EXERCISE DATA:
....

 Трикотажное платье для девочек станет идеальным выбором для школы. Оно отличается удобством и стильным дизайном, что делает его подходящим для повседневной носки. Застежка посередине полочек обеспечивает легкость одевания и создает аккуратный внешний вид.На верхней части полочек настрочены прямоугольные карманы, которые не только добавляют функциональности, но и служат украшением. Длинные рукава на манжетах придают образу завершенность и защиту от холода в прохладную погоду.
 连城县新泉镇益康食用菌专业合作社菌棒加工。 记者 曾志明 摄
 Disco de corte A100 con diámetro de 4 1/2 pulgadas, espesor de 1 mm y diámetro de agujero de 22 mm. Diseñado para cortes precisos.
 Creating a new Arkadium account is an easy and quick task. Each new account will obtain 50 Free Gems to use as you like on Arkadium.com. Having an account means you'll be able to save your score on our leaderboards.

....

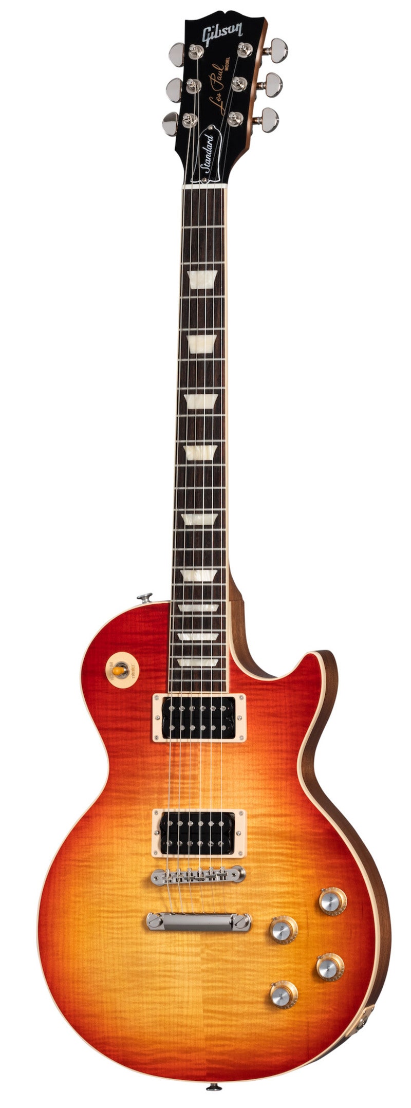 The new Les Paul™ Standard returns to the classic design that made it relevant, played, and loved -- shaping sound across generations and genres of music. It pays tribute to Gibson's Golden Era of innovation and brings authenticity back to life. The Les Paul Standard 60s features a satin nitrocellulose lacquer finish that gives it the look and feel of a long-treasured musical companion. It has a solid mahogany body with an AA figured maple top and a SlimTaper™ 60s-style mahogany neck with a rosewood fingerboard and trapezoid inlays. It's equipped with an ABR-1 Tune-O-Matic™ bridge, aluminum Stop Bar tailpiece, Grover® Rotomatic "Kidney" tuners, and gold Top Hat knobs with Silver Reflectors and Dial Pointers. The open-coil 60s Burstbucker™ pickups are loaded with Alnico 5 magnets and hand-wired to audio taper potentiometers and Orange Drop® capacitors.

....

PROBLEM REQUIREMENTS:
All lines above from the line with "连城县新泉镇益康食用菌专业合作社菌棒加工。 记者 曾志明 摄" through the line with "Creating a new", both included, are to be set down exactly, with nothing else.

RESULT OF THE EXERCISE:
 连城县新泉镇益康食用菌专业合作社菌棒加工。 记者 曾志明 摄
 Disco de corte A100 con diámetro de 4 1/2 pulgadas, espesor de 1 mm y diámetro de agujero de 22 mm. Diseñado para cortes precisos.
 Creating a new Arkadium account is an easy and quick task. Each new account will obtain 50 Free Gems to use as you like on Arkadium.com. Having an account means you'll be able to save your score on our leaderboards.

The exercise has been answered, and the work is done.